===== Supplied information

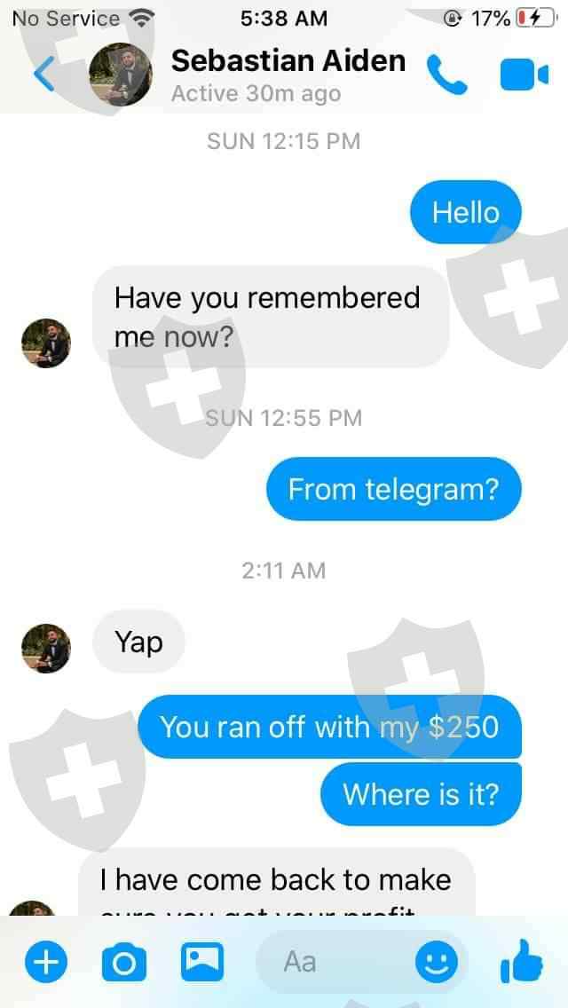 Telegram 频道中一个名叫 Sebestian Aiden 的人让我投资 250 美元(我向朋友借的),但在我发给他这笔比特币后就被屏蔽了。当然,我非常生气。我花了一个月的时间才缓过来。
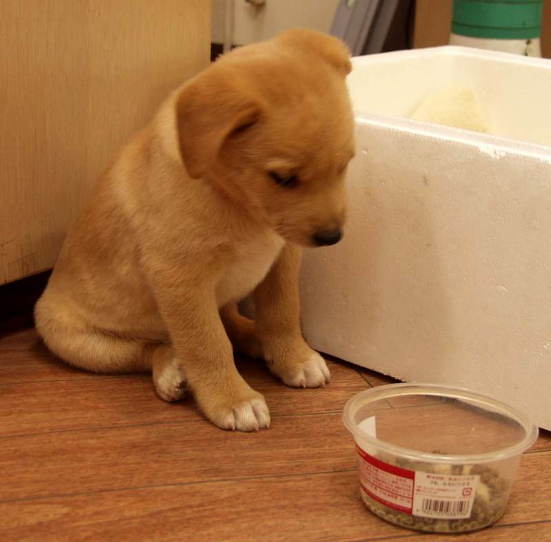 寝相を写そうと、レイ君の小屋の中をパチリ。
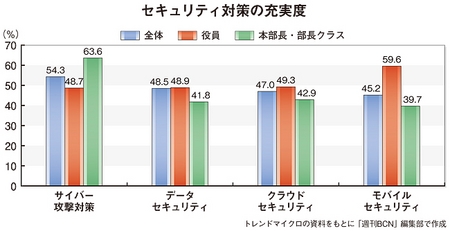 昨今の報道の影響からか、標的型攻撃の仕組みや手法を理解しているという比率は62.3%を占めたが、具体的な対策はできていないのが実態だ。重要度の高い情報は端末に保存できないようにしているという回答は24.8%に過ぎなかった。役職別にインシデント発生時の対策状況をたずねると、役員と本部長・部長クラスの間に大きな認識ギャップがあることが明らかになった。現場に近いほうが対策を認識しており、役員層への浸透度の低さが目立つ。
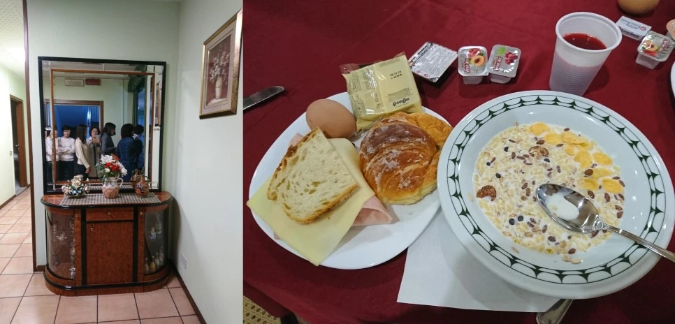 일단 빵이 담백하고 맛있다. 슬라이스 치즈와 햄, 시리얼과 우유, 주스와 커피 등 음료수, 여러 종류의 잼이 정갈하게 준비되어 있다.
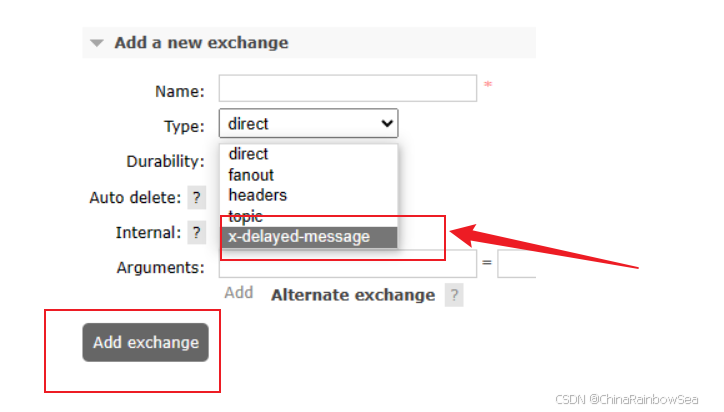 - 确认点2:如果创建新交换机时可以在type中看到x-delayed-message选项,那就说明插件安装好了
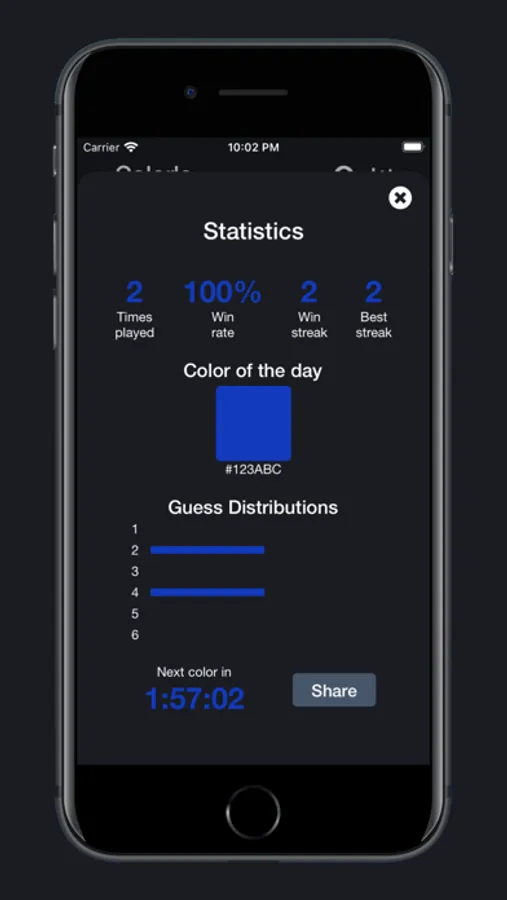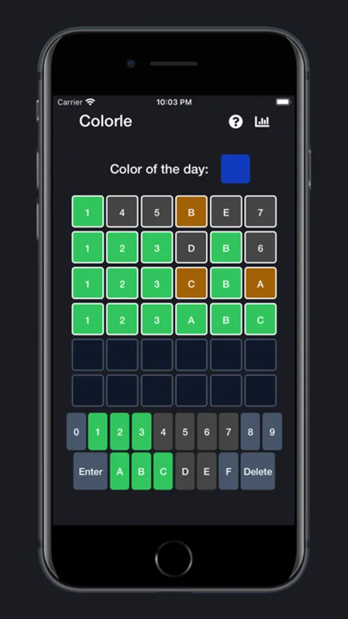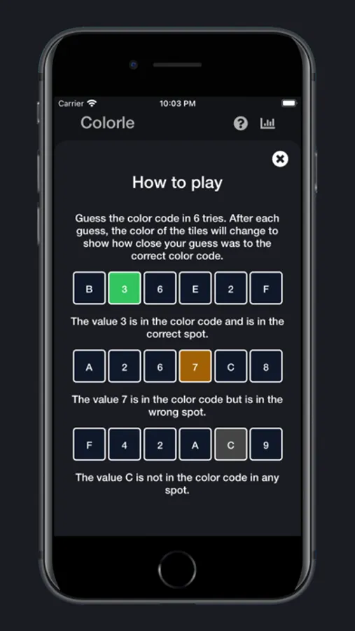 Colorle is a game where you have 6 attempts to figure out a 6 character color code based on hex values.
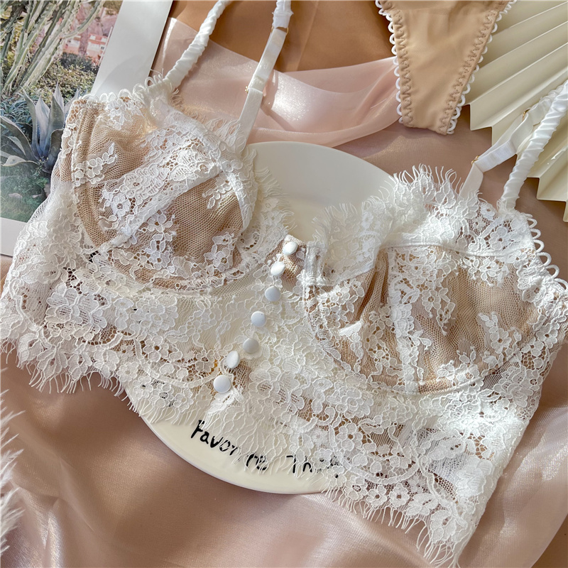 French Lace Harness Bra Hood Slim Fit Large Chest Display Small Seductive Seductive With Steel Ring Comfort Vest Lingerie Suit
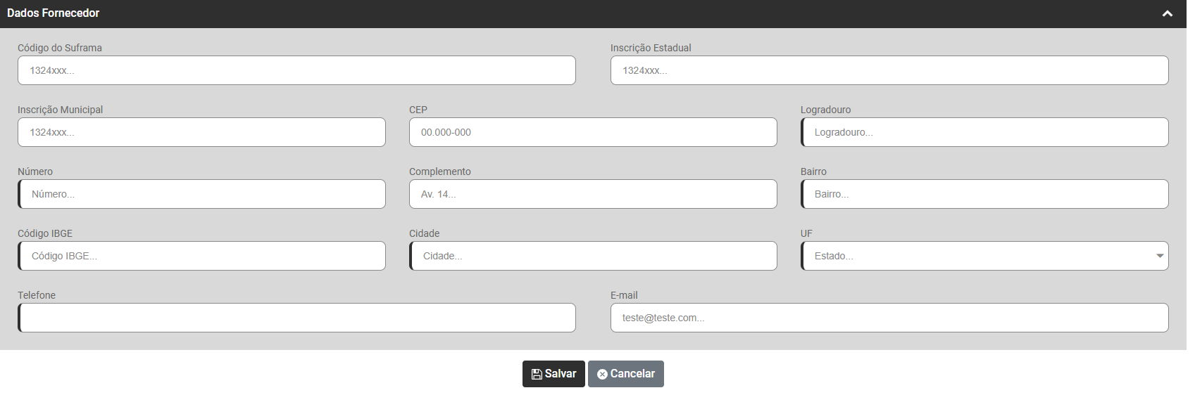 Dados do Fornecedor - Se a emissão for PROPRIA essas informações serão preenchidas com os dados da Empresa definida
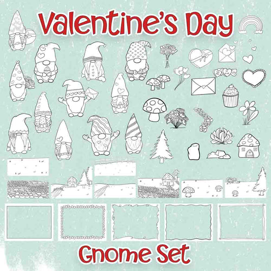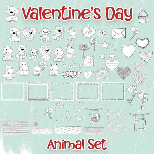 Valentine's Day Animals: Coloring Page Scene Creator Set

==========

Repeat nothing but the lines from the one containing "昨今の報道の影響からか、標的" through the end of the entries, exactly, and skip the pictures.

Output for this exercise
 昨今の報道の影響からか、標的型攻撃の仕組みや手法を理解しているという比率は62.3%を占めたが、具体的な対策はできていないのが実態だ。重要度の高い情報は端末に保存できないようにしているという回答は24.8%に過ぎなかった。役職別にインシデント発生時の対策状況をたずねると、役員と本部長・部長クラスの間に大きな認識ギャップがあることが明らかになった。現場に近いほうが対策を認識しており、役員層への浸透度の低さが目立つ。
 일단 빵이 담백하고 맛있다. 슬라이스 치즈와 햄, 시리얼과 우유, 주스와 커피 등 음료수, 여러 종류의 잼이 정갈하게 준비되어 있다.
 - 确认点2:如果创建新交换机时可以在type中看到x-delayed-message选项,那就说明插件安装好了
 Colorle is a game where you have 6 attempts to figure out a 6 character color code based on hex values.
 French Lace Harness Bra Hood Slim Fit Large Chest Display Small Seductive Seductive With Steel Ring Comfort Vest Lingerie Suit
 Dados do Fornecedor - Se a emissão for PROPRIA essas informações serão preenchidas com os dados da Empresa definida
 Valentine's Day Animals: Coloring Page Scene Creator Set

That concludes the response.